Despite widespread consensus regarding the health benefits of exclusive breastfeeding for mother and baby, prevalence is very low worldwide. According to the World Health Organisation in 2016, increased breastfeeding rates can avert 800,000 child deaths and provide savings of $300 billion (US) each year across the world. Consequently, promoting breastfeeding especially increasing the rate of exclusive breastfeeding at six months from the current rate of 38 per cent to at least 50 per cent by 2025 has become a global health target.

“The key conclusion of our paper is the importance of breast cancer awareness in reproductive age women. We should educate our girls and young women about the method of breast self-examination and about the early signs of breast cancer. We should educate mothers about the health benefits of breastfeeding for themselves, highlighting the protective effect of breastfeeding on the occurrence of breast cancer in breastfeeding mothers. All mothers should be encouraged and supported to breastfeed their children for a longer duration regardless of having a history of breast cancer,” Mrs Alianmoghaddam says.
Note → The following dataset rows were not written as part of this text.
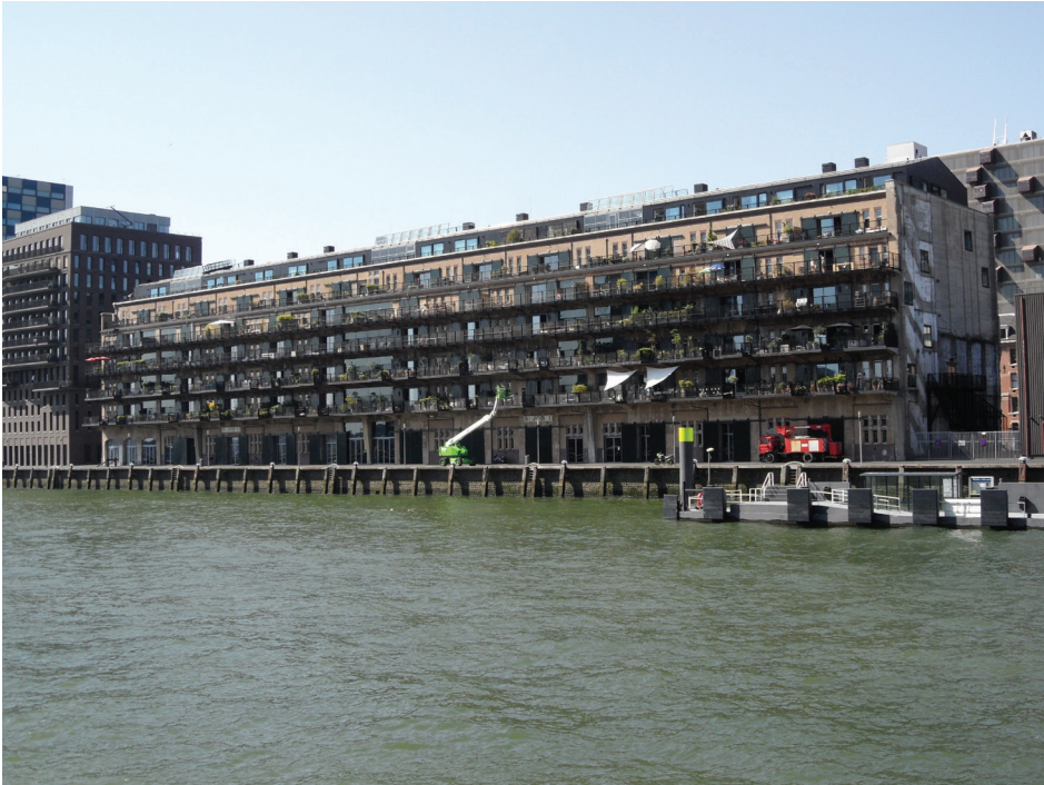
Fig. 6. The St. Jobsveem warehouse (1914) in the Rotterdam docklands after conversion into a condominium with 109 apartments in 2007. Due to the ample loadbearing capacity of the huge reinforced concrete loading platforms these could be transformed into hanging gardens.
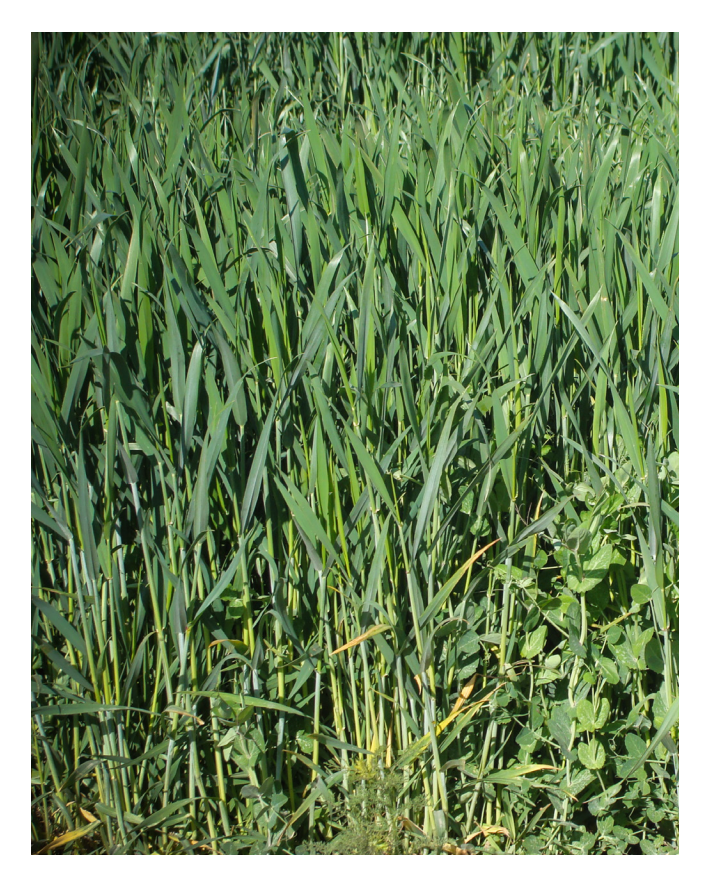
Figure 3. Triticale has the quality and yields of wheat and the hardiness of rye.

As a forage, triticale is high in energy, moderate in protein, and high in sugar, with good digestibility. Triticale's amino acid composition is similar to the protein in wheat but slightly higher in lysine. The lysine content in triticale is typically higher than corn. At the soft dough stage, triticale's available energy is similar to that of corn silage but with more effective dietary fiber. Producers should buy an awnless or semi-awnless variety for use as forage. Idaho producers commonly select triticale as the grass species in a larger cover crop mix because it improves yields and reduces seed costs. In a legume and triticale mix, the triticale will increase the yield while the legume will boost protein content.
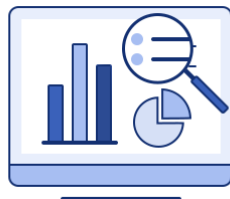
Data Analysis Service
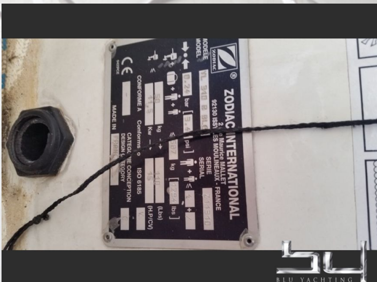
outside view - picture 5
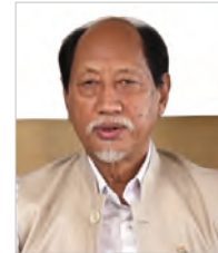
Shri. Neiphiu Rio Nagaland
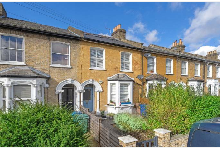
UPLAND ROAD, EAST DULWICH, LONDON, SE22 £1,350,000 FREEHOLD
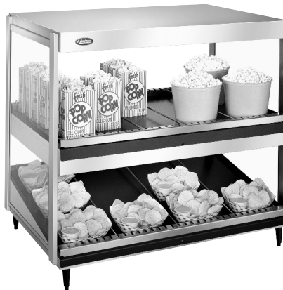
Model GRSDS/H-36D with slant shelf and horizontal shelf
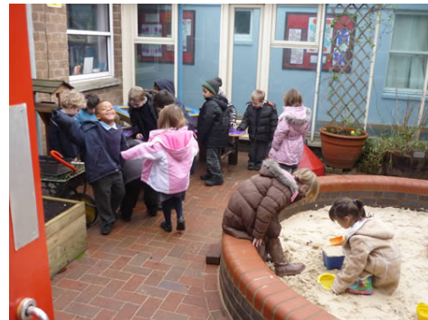
Learning with water
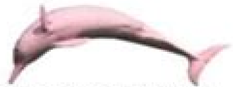
Amazon River Pink Dolphin
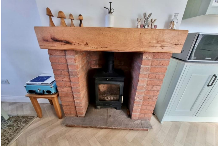
Kitchen - Feature Fireplace
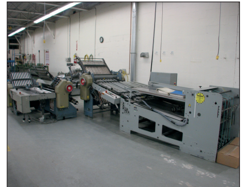
STAHL FOLDER MODEL RD-78, 4/4/4
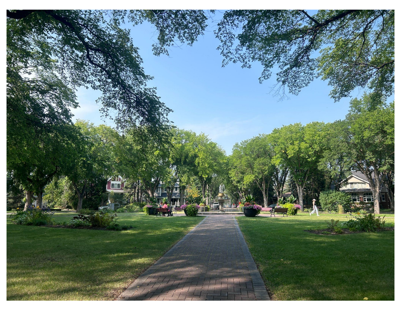
Elevation photo, looking north onto 133 Street
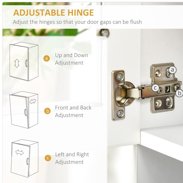
Figure 4.2.3: Adjustable Hinges. The door hinges are adjustable to ensure proper alignment and flush closure. Use a screwdriver to make minor adjustments for up/down, front/back, and left/right positioning.

adjustable shelves, allowing you to customize storage space for items of various sizes. Adjust the shelf height by repositioning the shelf pins.
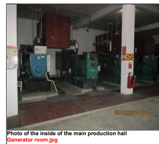
Photo of the inside of the main production hall Generator room.jpg
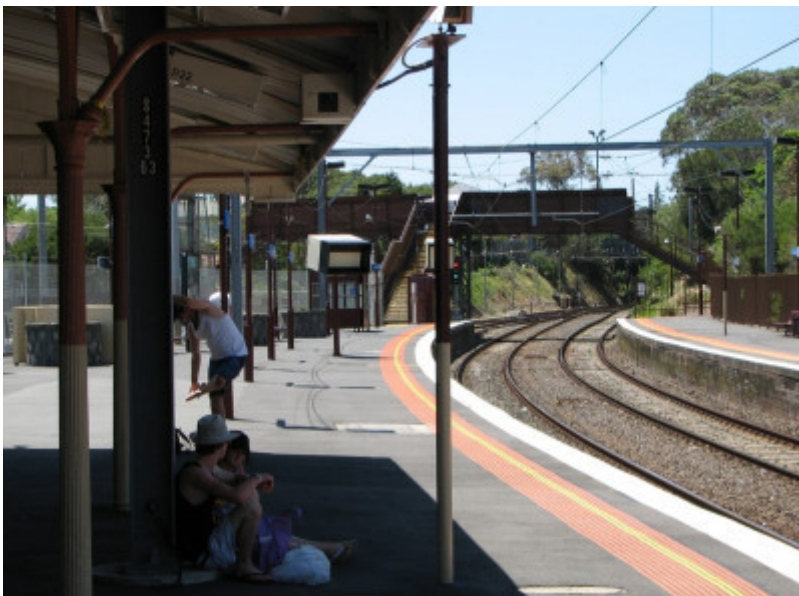
BRIGHTON BEACH RAILWAY STATION SOHE 2008

“Patients under 40 years of age make up about 5 per cent of the overall breast cancer population in the United States. In New Zealand, in 2011, more than 11 per cent of breast cancer patients were aged 25 to 44. However, in developing countries, including Arab countries, that rises to half of the breast cancer patients being in the reproductive age range.

“For successful breast conserving therapy, breast cancer needs to be detected in the early stages, but detection in childbearing age women is challenging. Although mammography can save lives via diagnosing breast cancer about five years earlier than clinical examinations, it is less efficient in reproductive age women for several reasons including high rates of false negative results, breast density and over-diagnosis,” she says.

Mrs Alianmoghaddam is a Registered Midwife and PhD candidate of Midwifery at Massey’s School of Public Health. Her doctoral research is about promoting six months exclusive breastfeeding in New Zealand. Her doctoral supervisors are Dr Suzanne Phibbs, senior lecturer for the School of Public Health, and Associate Professor Cheryl Benn, a Registered Midwife an International Board Certified Lactation Consultant (IBCLC).